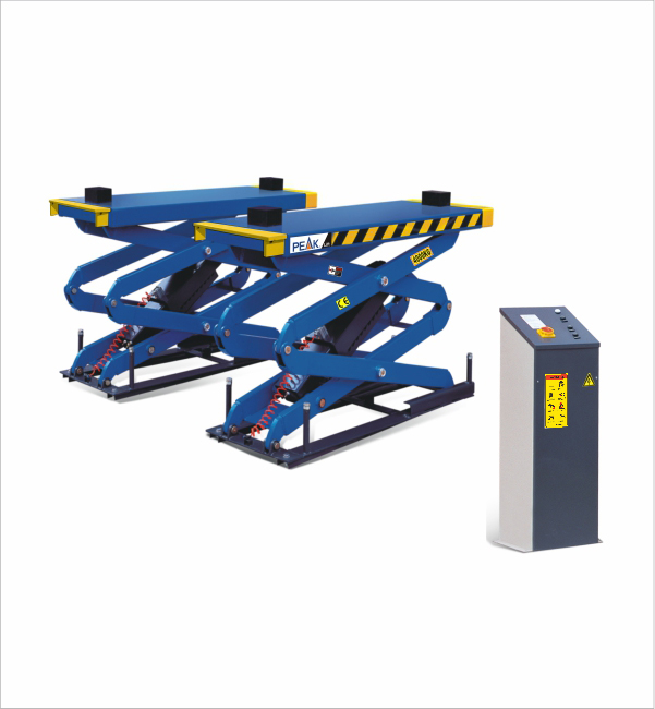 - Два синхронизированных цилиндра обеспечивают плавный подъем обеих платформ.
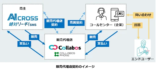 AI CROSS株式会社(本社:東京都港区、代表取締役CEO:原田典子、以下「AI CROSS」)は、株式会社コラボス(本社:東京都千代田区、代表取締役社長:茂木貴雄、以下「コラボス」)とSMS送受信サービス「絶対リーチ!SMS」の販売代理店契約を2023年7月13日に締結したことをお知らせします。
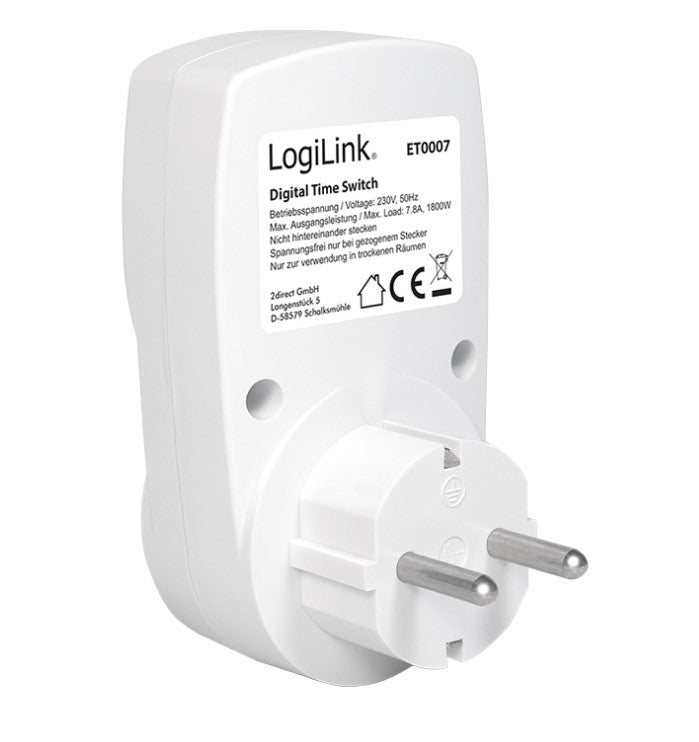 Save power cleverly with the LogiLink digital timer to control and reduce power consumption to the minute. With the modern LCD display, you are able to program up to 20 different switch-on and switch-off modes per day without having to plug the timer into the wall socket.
+++++
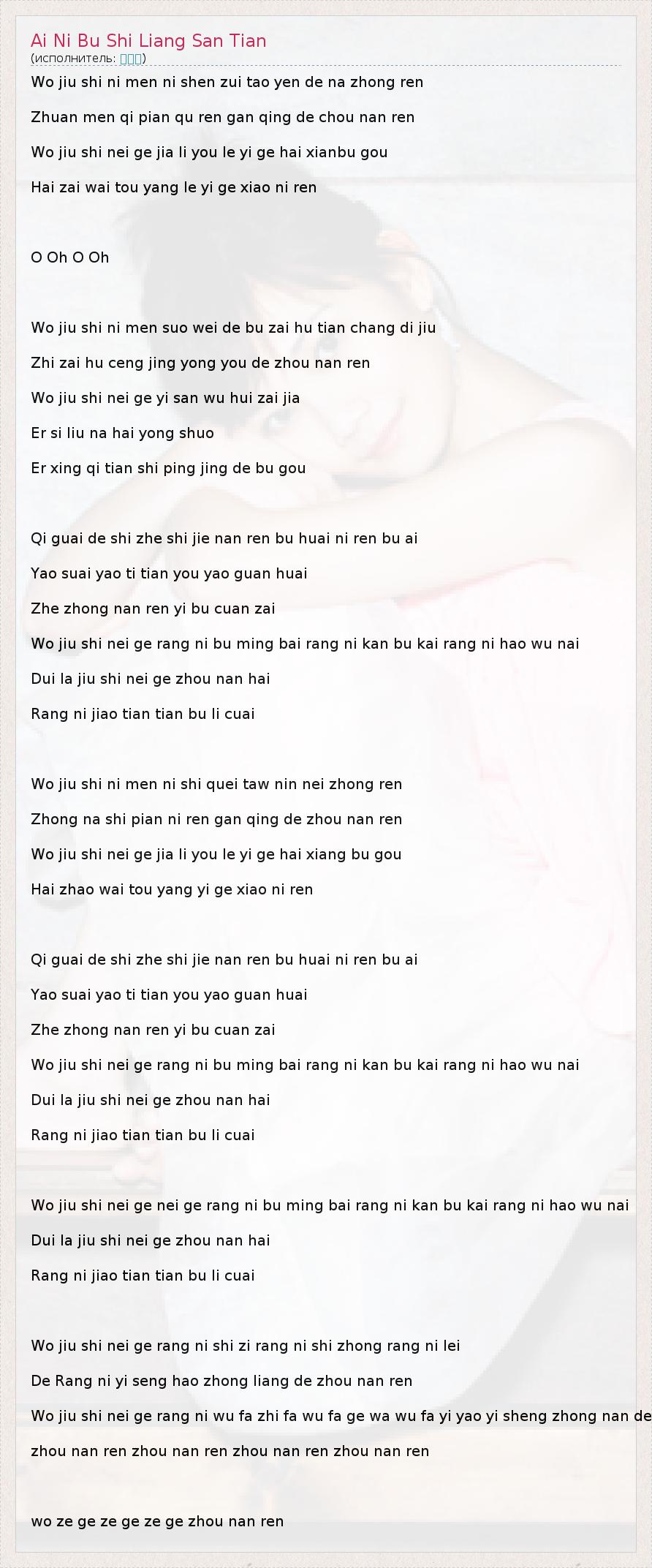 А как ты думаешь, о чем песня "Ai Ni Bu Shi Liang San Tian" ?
+++++
- [The task]:
In the listing above, find the line with "- Два синхронизированных" and output every line through the one with "Save power cleverly", exactly, without the pictures.

- [Written response]:
 - Два синхронизированных цилиндра обеспечивают плавный подъем обеих платформ.
 AI CROSS株式会社(本社:東京都港区、代表取締役CEO:原田典子、以下「AI CROSS」)は、株式会社コラボス(本社:東京都千代田区、代表取締役社長:茂木貴雄、以下「コラボス」)とSMS送受信サービス「絶対リーチ!SMS」の販売代理店契約を2023年7月13日に締結したことをお知らせします。
 Save power cleverly with the LogiLink digital timer to control and reduce power consumption to the minute. With the modern LCD display, you are able to program up to 20 different switch-on and switch-off modes per day without having to plug the timer into the wall socket.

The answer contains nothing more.